Estimating global methylation levels

To determine global methylation levels, we chose methylation probes for which at least 90% of sequences (≥45 bp) mapped to the young subfamilies of LINE-1 (L1HS and L1PA). Probe mapping information and LINE-1 family annotation were obtained from GPL1630450 and the RepeatMasker of the UCSC genome browser51, respectively. We averaged the beta values of the chosen probes in each tumour sample, and used the average beta as an estimate of the global methylation level (Supplementary Data 1). For validation, we obtained the whole-genome bisulfite sequencing data (level 3 beta values) of samples for which the methylation array data were available (n = 18; Supplementary Table 5) from the GDC legacy archive (https://portal.gdc.cancer.gov/legacy-archive). We first selected evolutionarily young LINE-1 repeat elements containing at least three different CpG sites that were covered by at least 10 aligned reads and then computed the averaged beta value for each repeat element. The number of the selected repeat elements for each sample ranged from 67,732 to 71,958 (Supplementary Table 5). We obtained the mean of the average beta values of the repeat elements to represent the global methylation level of each sample. We performed an additional validation by using the LINE-1 pyrosequencing dataset of 15 samples for which methylation array data of the same platform were available52. We compared our measures based on the selected array probes with the bisulfite sequencing and pyrosequencing measures (Supplementary Fig. 2).

Linear regression modelling

For each gene per cancer type, a linear regression model was fit using mRNA expression level as the response variable, and global methylation, mutation burden, aneuploidy, tumour purity, age, and tumour stage as predictors. We included tumour stage in the model for tumour types for which at least 100 patient samples with tumour stage information were available (n = 15; Supplementary Table 4). The regression model with the following formula was built using the lm function in R.

mRNA expression of gene Y ~ β1 × global methylation level + β2 × mutation burden + β3 × aneuploidy level + β4 × tumour purity + β5 × age + β6 × tumour stage

For each of three predictors (global methylation level, mutation burden, aneuploidy level) per tumour type, GSEA48 was performed on genes with significant regression coefficients (Benjamini and Hochberg FDR <0.05). Genes ranked by the z score from the linear regression model were used for input into the preranked module of the GSEA software48 with the immune and proliferation gene sets (see below). GSEA was run with default settings, except for the minimum number of gene sets, which was set to 10.
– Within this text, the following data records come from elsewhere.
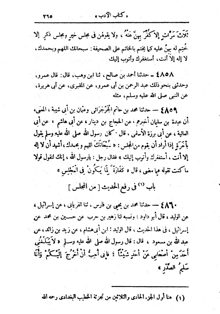 4859 - حَدَّثَنَا مُحَمَّدُ بْنُ حَاتِمٍ الْجَرْجَرَائِيُّ، وَعُثْمَانُ بْنُ أَبِي شَيْبَةَ الْمَعْنَى، أَنَّ عَبْدَةَ بْنَ سُلَيْمَانَ، أَخْبَرَهُمْ عَنِ الْحَجَّاجِ بْنِ ديِنَارٍ، عَنْ أَبِي هَاشِمٍ، عَنْ أَبِي الْعَالِيَةَ، عَنْ أَبِي بَرْزَةَ الْأَسْلَمِيِّ، قَالَ: كَانَ رَسُولُ اللَّهِ صَلَّى اللهُ عَلَيْهِ وَسَلَّمَ، يَقُولُ: بِأَخَرَةٍ §إِذَا أَرَادَ أَنْ يَقُومَ مِنَ الْمَجْلِسِ: «سُبْحَانَكَ اللَّهُمَّ وَبِحَمْدِكَ، أَشْهَدُ أَنْ لَا إِلَهَ إِلَّا أَنْتَ، أَسْتَغْفِرُكَ وَأَتُوبُ إِلَيْكَ» فَقَالَ رَجُلٌ: يَا رَسُولَ اللَّهِ، إِنَّكَ لَتَقُولُ قَوْلًا مَا كُنْتَ تَقُولُهُ فِيمَا مَضَى، فَقَالَ: «كَفَّارَةٌ لِمَا يَكُونُ فِي الْمَجْلِسِ»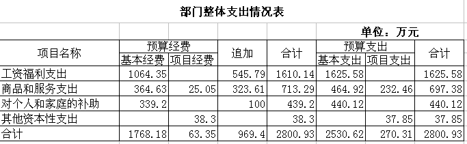 我局2015年基本支出中,人员经费2065.7万元,因工资调整,增幅较大;公用经费实际支出464.92万元,相关费用见下表:(单位:万元)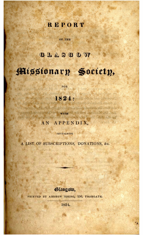 Report of the Glasgow Missionary Society for 1824 with an appendix containing a list of subscriptions, donations, &c.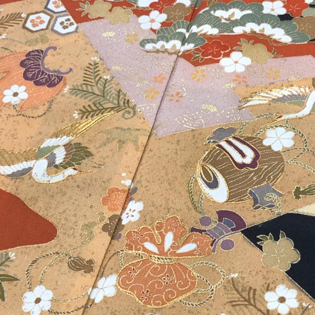 金彩が使われた花七宝、宝尽くし、鶴に花模様などの煌びやかな柄裄がデザインされた素敵なお品でございます。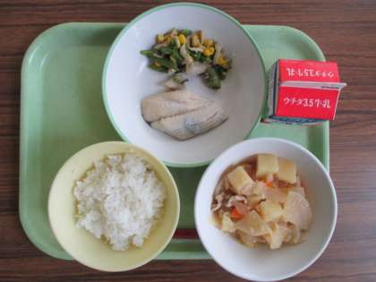 献立は、ごはん、牛乳、鰆の塩焼き、アスパラソテー、じゃがいもと豚肉のみそ煮込み でした。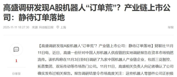 还有媒体报道,高盛近日针对中国人形机器人供应链的报告显示,多家零部件公司积极规划产能,但尚无明确订单或量产时间表,引发市场对“产能过剩”疑。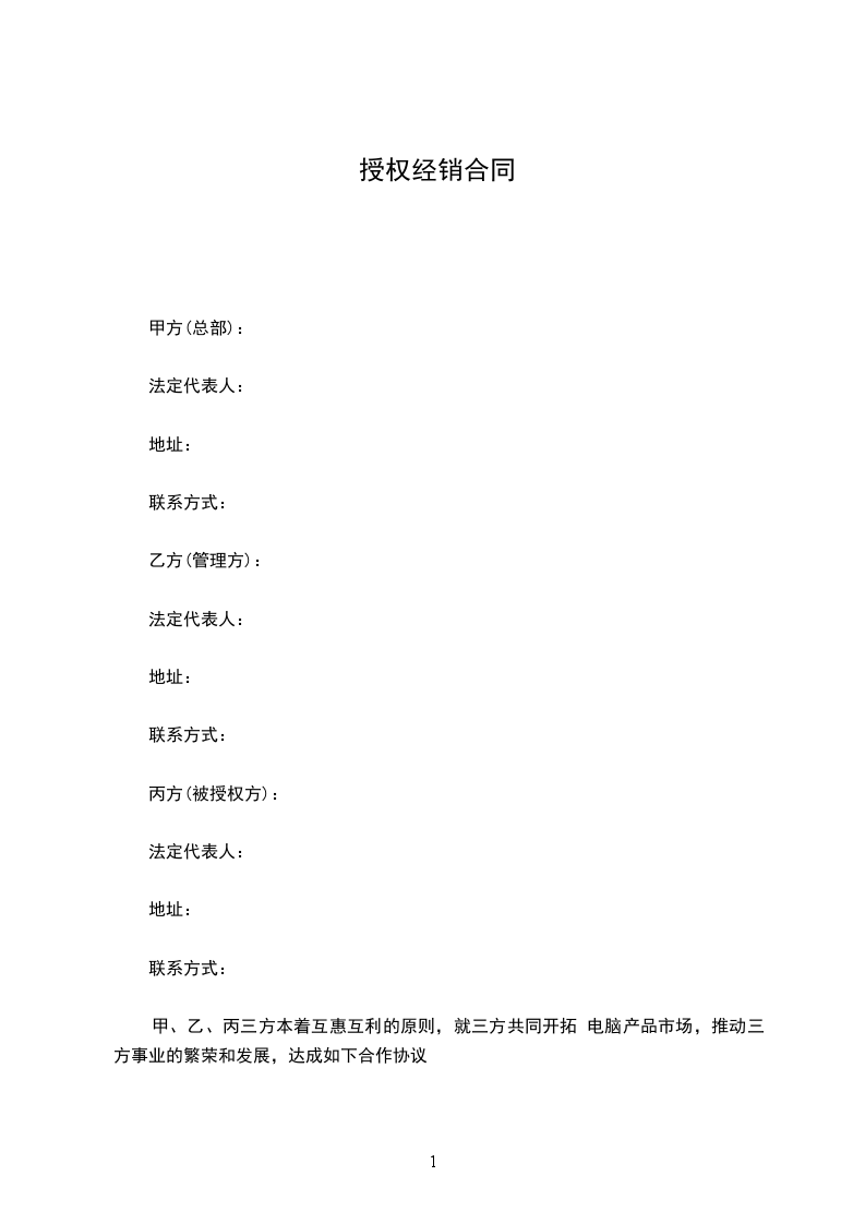 甲、乙、丙三方本着互惠互利的原则,就三方共同开拓 电脑产品市场,推动三方事业的繁荣和发展,达成如下合作协议

Identification of genes with differential replication timing

Repli-Seq measurements (wavelet-smoothed signal) of ENCODE 5 normal (HUVEC, IMR90, NHEK, BJ_1 and BJ_2) and 10 cancer cell lines (MCF-7, SK-N-SH, HepG2, HeLa, A549, G401, LNCaP, T47D, H460, and Caki-2) were downloaded from the UCSC Genome Browser53 and ENCODE project portal54. Average wavelet-smoothed signal values in each 5-kb window were scaled and quantile-normalized. Windows harbouring missing values in any of the cell lines were excluded. We performed the student’s t-test for each 5-kb window to assess the replication timing difference between the normal and cancer cells. We then assigned the P value and t statistic to each gene. For genes spanning multiple replication timing windows, we assigned a combined P value using the Fisher’s method and average t statistic. We excluded genes located on sex chromosomes or specifically expressed in the immune system (see below). Genes with Bonferroni-adjusted P value < 0.05 were defined as early- or late-replicated genes in cancer. Genes ranked by the t statistic were used for input into the preranked module of the GSEA software48 with the canonical REACTOME and KEGG pathways from MSigDB55.
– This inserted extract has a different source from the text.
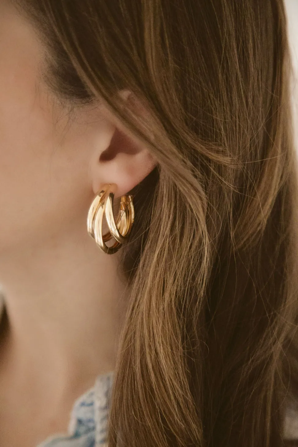 24K gold-plated triple hoops on stainless steel hypoallergenic posts. Featherweight.
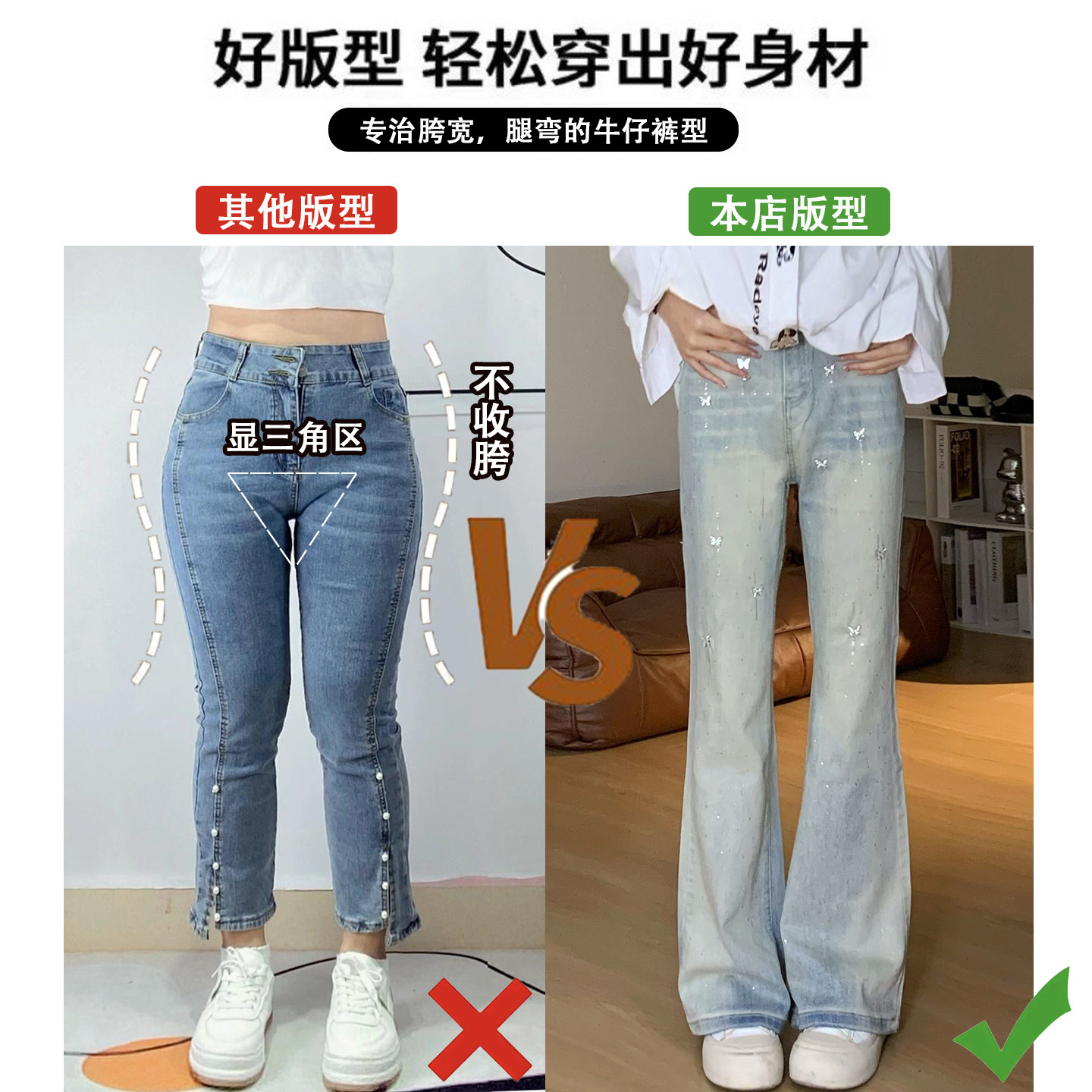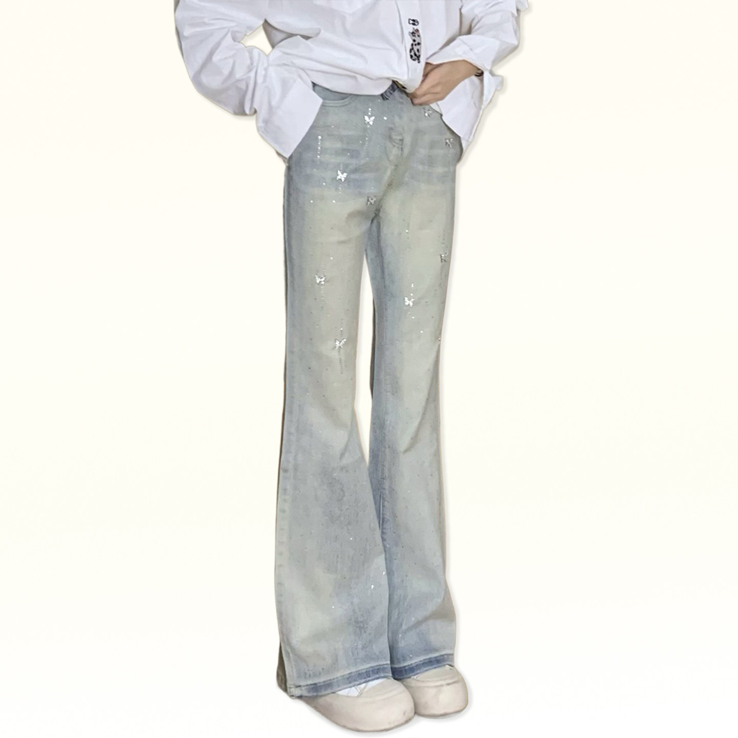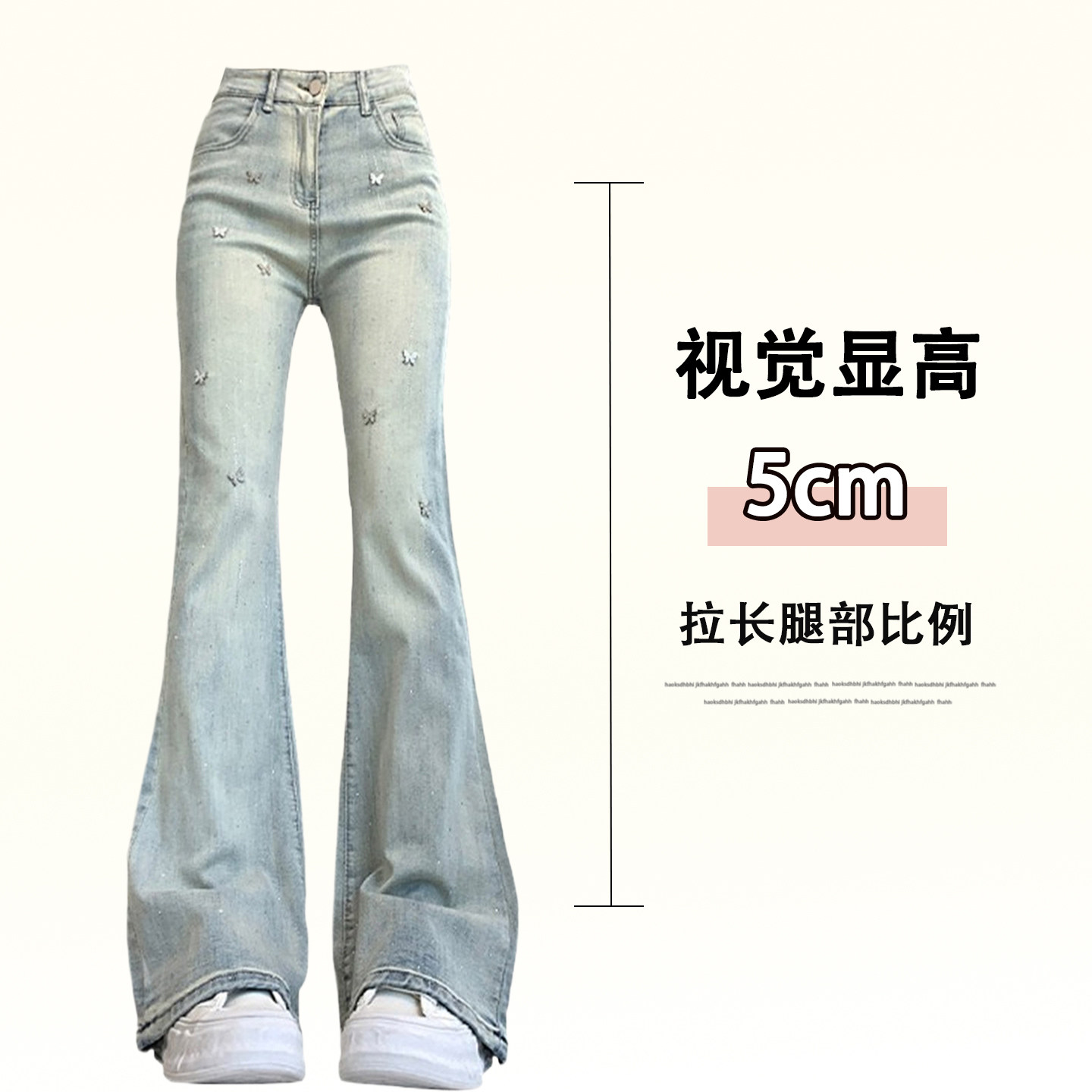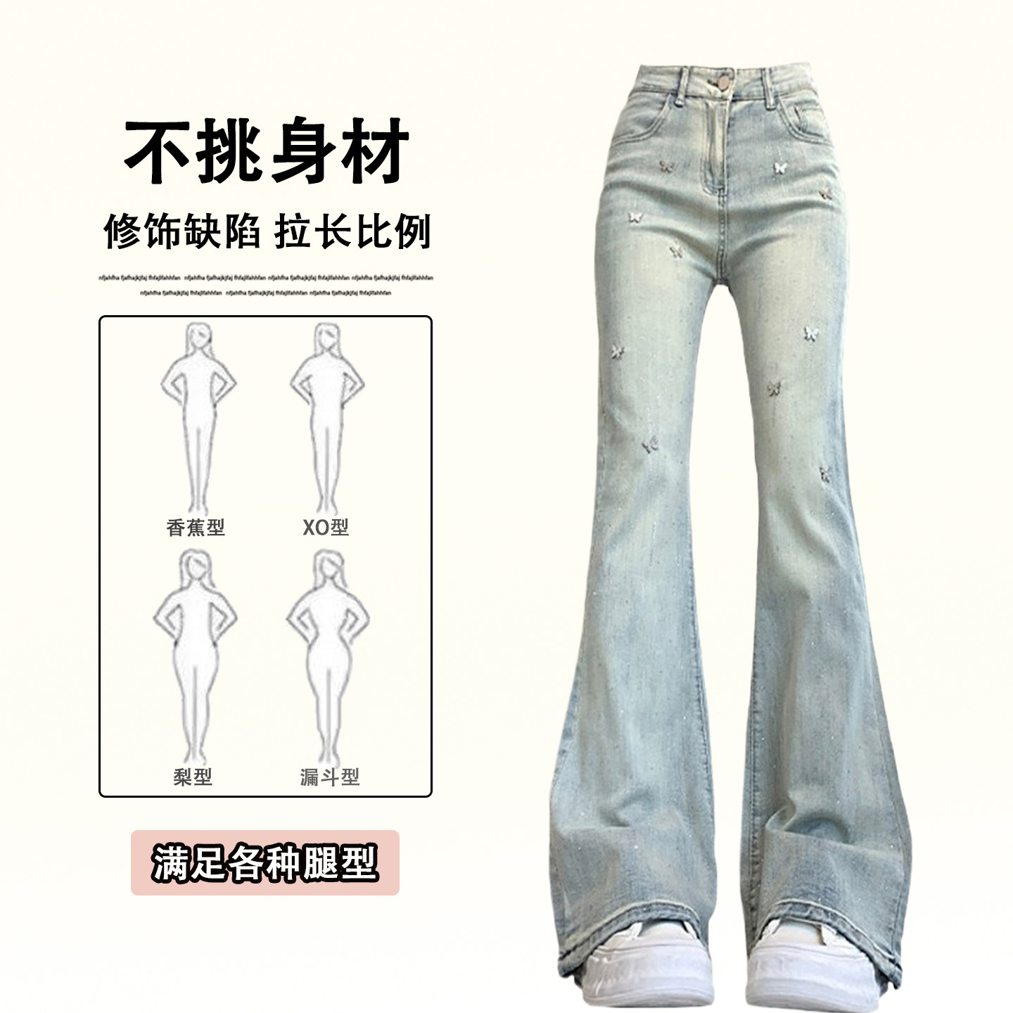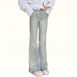 设计感小众高街微喇裤 女2026新款 子 胖mm蓝色蝴蝶烫钻牛仔裤 特大码

Analysis of genes with differential replication timing

To investigate the expression differences of early- and late-replicated genes between tumour samples with high and low global methylation levels, we partitioned tumour samples into the low (<30th percentile) and high (>70th percentile) global methylation groups for each cancer type. After a z-score normalization of mRNA expression data per gene per cancer type, we computed the average expression level of the genes for each group and compared the groups. To calculate the fraction of enriched cell-cycle and immune pathways (Fig. 3c), genes ranked by the t statistic (replication timing difference between normal and cancer cells) were used for input into the preranked module of the GSEA software with REACTOME pathways (provided at https://reactome.org/) belonging to the Cell Cycle or Immune System category. Pathways harbouring at least 10 genes were used for this analysis.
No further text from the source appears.